Researchers have developed an efficient hybrid gel that can be used as a scaffold for growing muscle fibres, known as myotubes1. They prepared the gel by blending gelatin fibres with multiwalled carbon nanotubes. The gel is potentially useful for artificially growing muscle cells, which can be harvested to replenish lost muscle tissue.

An ideal scaffold for engineering muscle tissue should mimic the cellular microenvironment, which contains extracellular matrix, neighbouring cells and growth factors, as such an environment facilitates cell proliferation, migration and differentiation — processes that lead to tissue formation.

To artificially replicate a cellular microenvironment suitable for tissue engineering, the researchers synthesized hybrid fibres by blending gelatin with different concentrations of multiwalled carbon nanotubes. They then tested the effectiveness of these fibres as scaffolds for growing myotubes from mice myoblasts — embryonic cells that give rise to myotubes. They also compared the effectiveness of the hybrid fibres for forming myotubes with that of pure gelatin fibres.

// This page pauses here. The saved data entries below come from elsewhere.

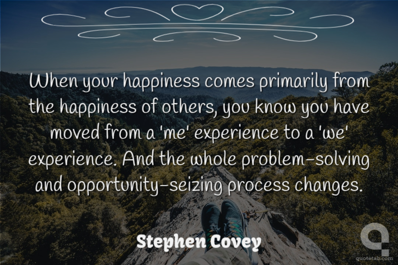 When your happiness comes primarily from the happiness of others, you know you have moved from a 'me' experience to a 'we' experience. And the whole problem-solving and opportunity-seizing process changes.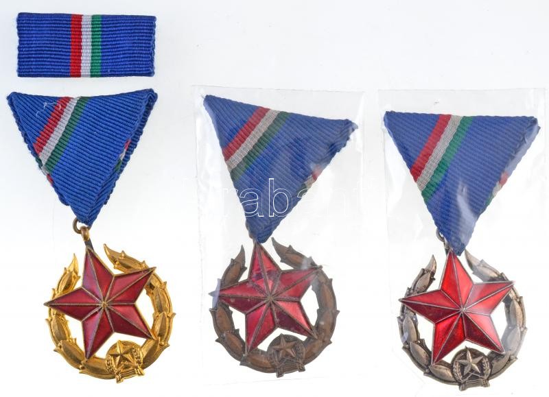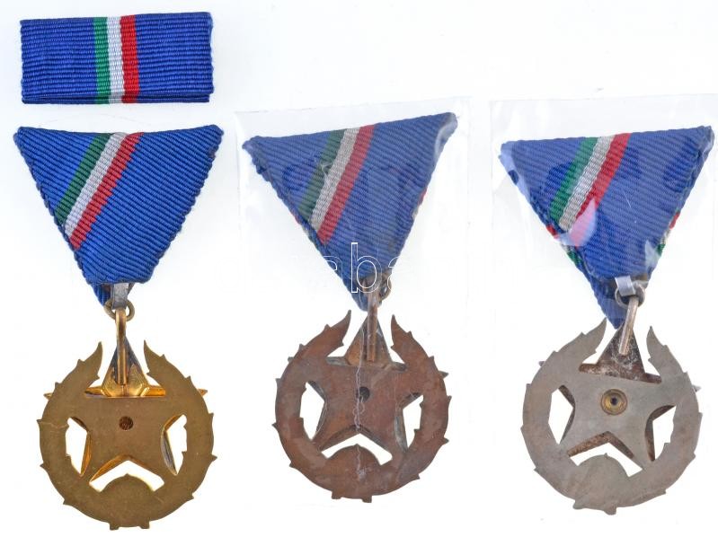 1951. "Közbiztonsági Érem" bronz, ezüst és arany fokozata a rendőrség tagjai részére, aranyozott, ezüstözött Br kitüntetések (3xklf), mellszalagon + 1db szalagsáv T:1-,2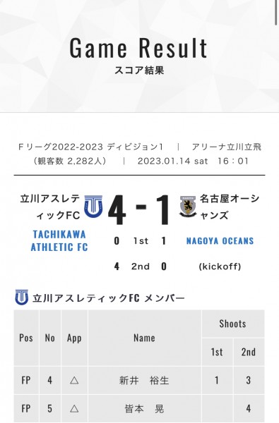 【OB情報】立川アスレティックFC 湯浅拓斗選手1月14日(土)Fリーグディビジョン1 vs名古屋オーシャンズ戦現在首位の名古屋オーシャンズに勝利。湯浅拓斗選手はスタメン出場。次節は1月22日(日)に勝ち点で並ぶペスカドーラ町田戦となります。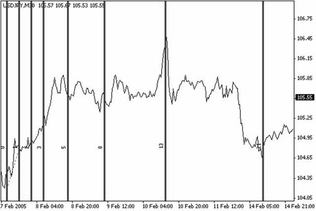 Рис. 19. Приклад часових періодів Фібоначчі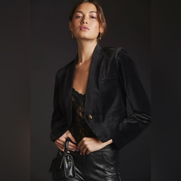 NWT! By Anthropologie Velvet Tuxedo Jacket in Black - Size 0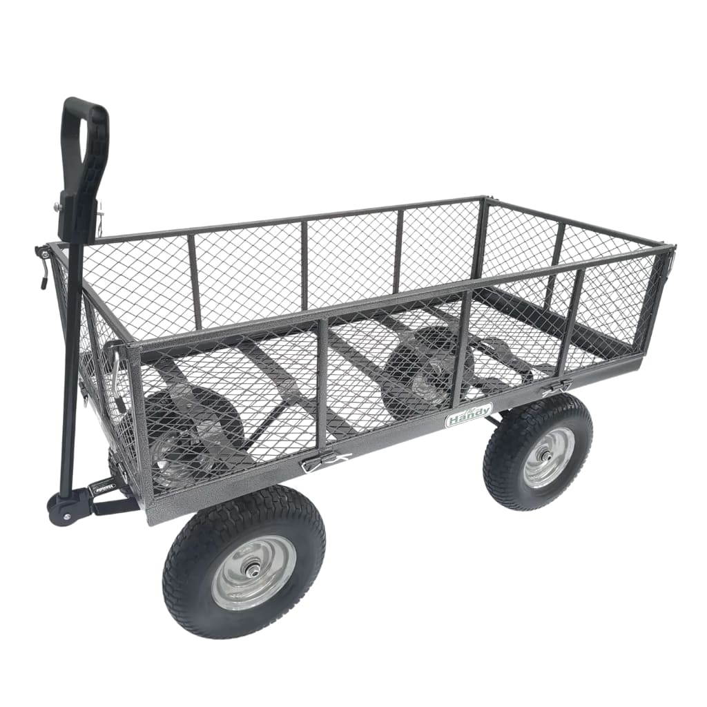 The Handy THLGT Large Garden Trolley is a versatile and durable transport solution ideal for moving heavy loads around the garden, allotment, or yard. Featuring a strong steel frame, large pneumatic tyres, and a tipping function, it allows for easy handling of soil, tools, plants, and more. Perfect for making outdoor tasks more efficient and less strenuous.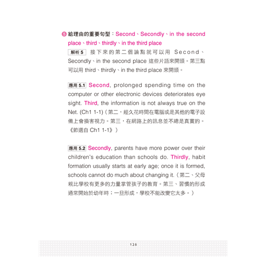 應用5.2:Secondly, parents have more power over their children’s education than schools do. Thirdly, habit formation usually starts at early age; once it is formed, schools cannot do much about changing it. (第二,父母親比學校有更多的力量掌管孩子的教育。第三,習慣的形成通常開始於幼年時;一旦形成,學校不能改變它太多。)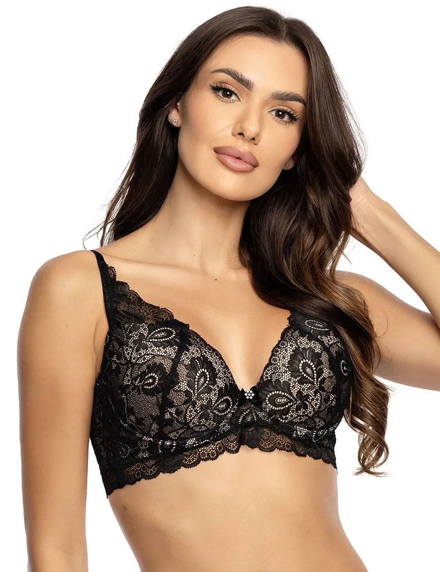 Бюстгальтер бралетт Orhideja 114-267 — это сочетание нежности и комфорта в элегантном черном цвете. Формованные чашки из мягкого поролона идеально облегают и поддерживают грудь, создавая естественный силуэт. Ажурное кружево по внешнй стороне чашек добавляет романтический шарм, а широкий пояс обеспечивает надежную посадку. Роскошный выбор для любого события.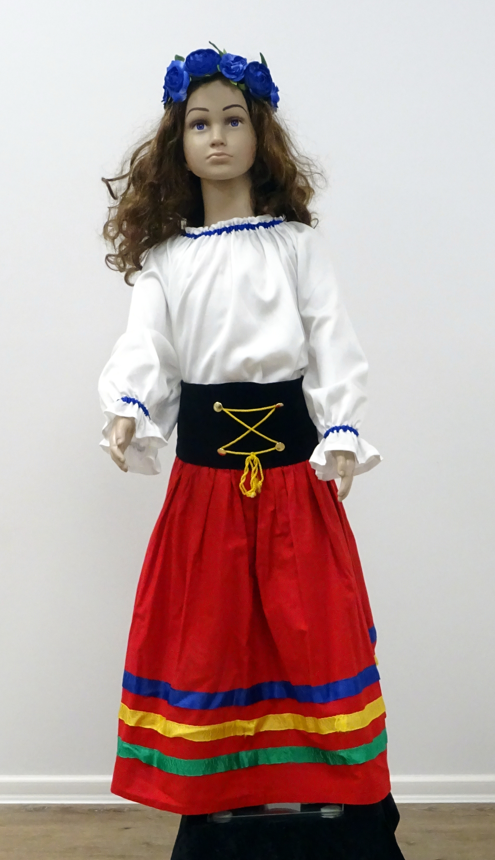 rot, Folklore, Spanisch, kurz, schwarzer Gürtel, bunte Bänder, Junioren. Weitere gleiche Artikel TG1070-TG1077

The researchers found that after culturing for four days, myoblasts formed myotubes on the pure gelatin fibres. They observed that hybrid fibres containing carbon nanotubes were better than pure gelatin fibres for forming myotubes from myoblasts and for growing longer myotubes. The hybrid fibres improved the interaction between the myoblasts and the scaffold, triggering tissue formation. The researchers noticed that the hybrid fibres activated specific genes in myoblasts, accelerating the fusion of myoblasts, which is essential for forming myotubes.

The researchers say that the hybrid fibres combine the ability of gelatin to support cellular activity with the mechanical properties of carbon nanotubes. They say that this combination of properties could potentially be used to develop three-dimensional cell cultures for tissue engineering.